BEGIN Dataset records
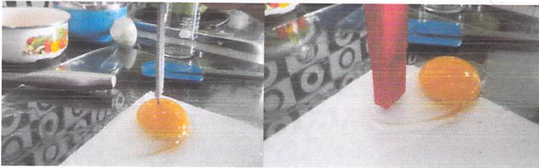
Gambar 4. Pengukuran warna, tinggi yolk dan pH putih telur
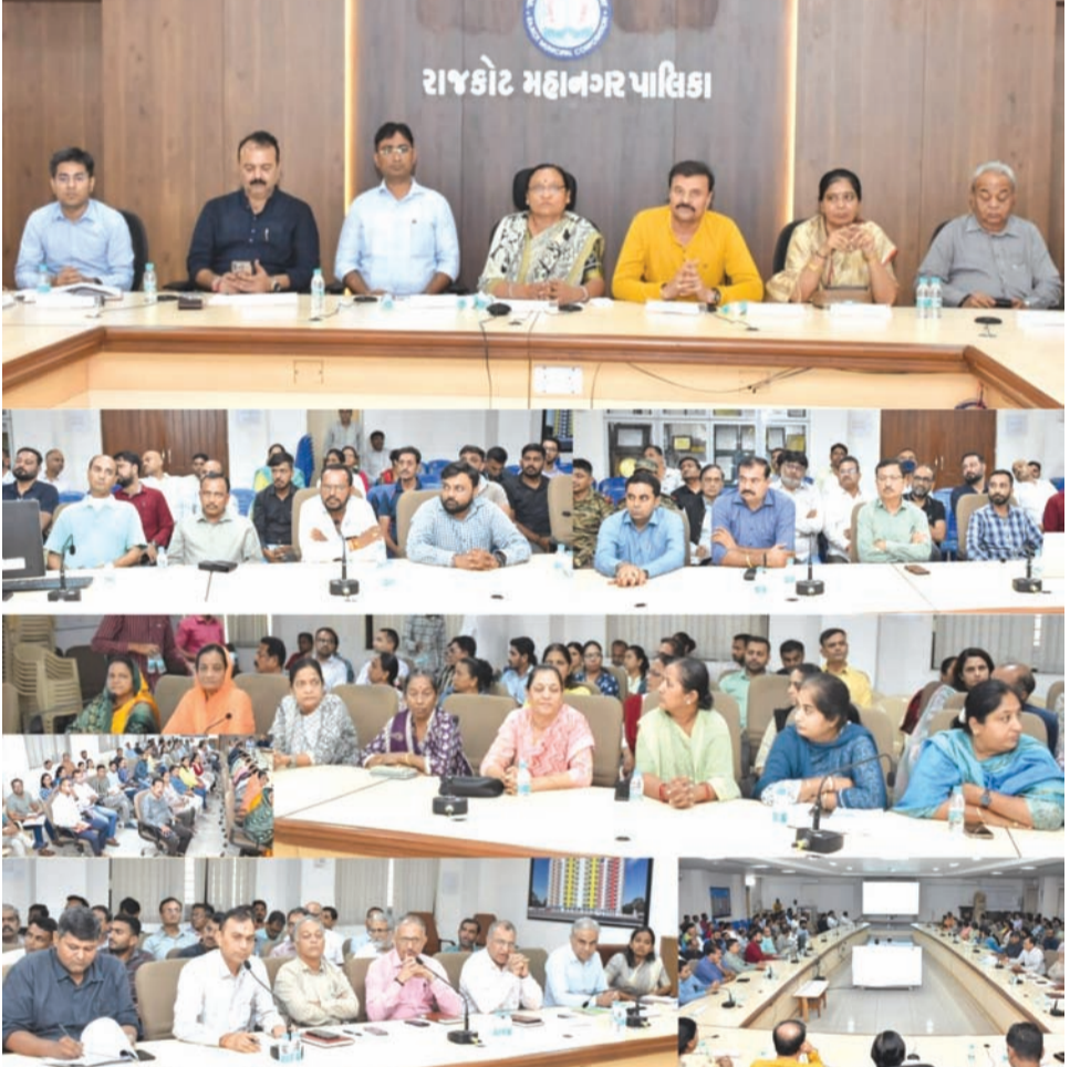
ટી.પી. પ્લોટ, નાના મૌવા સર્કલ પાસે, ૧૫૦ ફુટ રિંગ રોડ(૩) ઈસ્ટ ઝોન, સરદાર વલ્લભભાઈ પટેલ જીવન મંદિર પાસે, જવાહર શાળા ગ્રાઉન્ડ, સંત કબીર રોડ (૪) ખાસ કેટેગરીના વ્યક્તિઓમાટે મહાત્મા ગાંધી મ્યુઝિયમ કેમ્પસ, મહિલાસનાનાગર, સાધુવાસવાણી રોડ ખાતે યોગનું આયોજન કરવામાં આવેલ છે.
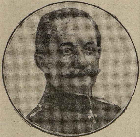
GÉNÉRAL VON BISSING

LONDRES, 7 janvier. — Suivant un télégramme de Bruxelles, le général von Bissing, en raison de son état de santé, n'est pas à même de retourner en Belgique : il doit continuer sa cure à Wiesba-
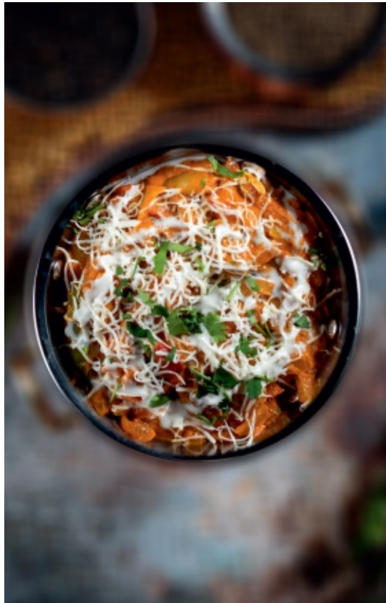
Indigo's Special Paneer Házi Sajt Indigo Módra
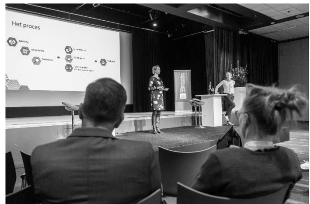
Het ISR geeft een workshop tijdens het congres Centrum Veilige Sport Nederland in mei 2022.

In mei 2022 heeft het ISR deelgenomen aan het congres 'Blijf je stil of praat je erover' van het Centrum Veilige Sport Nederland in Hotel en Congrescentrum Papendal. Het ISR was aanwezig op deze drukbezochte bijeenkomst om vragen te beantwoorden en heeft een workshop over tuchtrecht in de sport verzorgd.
END Dataset records
Your answer must be every record above, word for word, with no pictures.

» **Exercise answer**:
Gambar 4. Pengukuran warna, tinggi yolk dan pH putih telur
ટી.પી. પ્લોટ, નાના મૌવા સર્કલ પાસે, ૧૫૦ ફુટ રિંગ રોડ(૩) ઈસ્ટ ઝોન, સરદાર વલ્લભભાઈ પટેલ જીવન મંદિર પાસે, જવાહર શાળા ગ્રાઉન્ડ, સંત કબીર રોડ (૪) ખાસ કેટેગરીના વ્યક્તિઓમાટે મહાત્મા ગાંધી મ્યુઝિયમ કેમ્પસ, મહિલાસનાનાગર, સાધુવાસવાણી રોડ ખાતે યોગનું આયોજન કરવામાં આવેલ છે.
GÉNÉRAL VON BISSING

LONDRES, 7 janvier. — Suivant un télégramme de Bruxelles, le général von Bissing, en raison de son état de santé, n'est pas à même de retourner en Belgique : il doit continuer sa cure à Wiesba-
Indigo's Special Paneer Házi Sajt Indigo Módra
Het ISR geeft een workshop tijdens het congres Centrum Veilige Sport Nederland in mei 2022.

In mei 2022 heeft het ISR deelgenomen aan het congres 'Blijf je stil of praat je erover' van het Centrum Veilige Sport Nederland in Hotel en Congrescentrum Papendal. Het ISR was aanwezig op deze drukbezochte bijeenkomst om vragen te beantwoorden en heeft een workshop over tuchtrecht in de sport verzorgd.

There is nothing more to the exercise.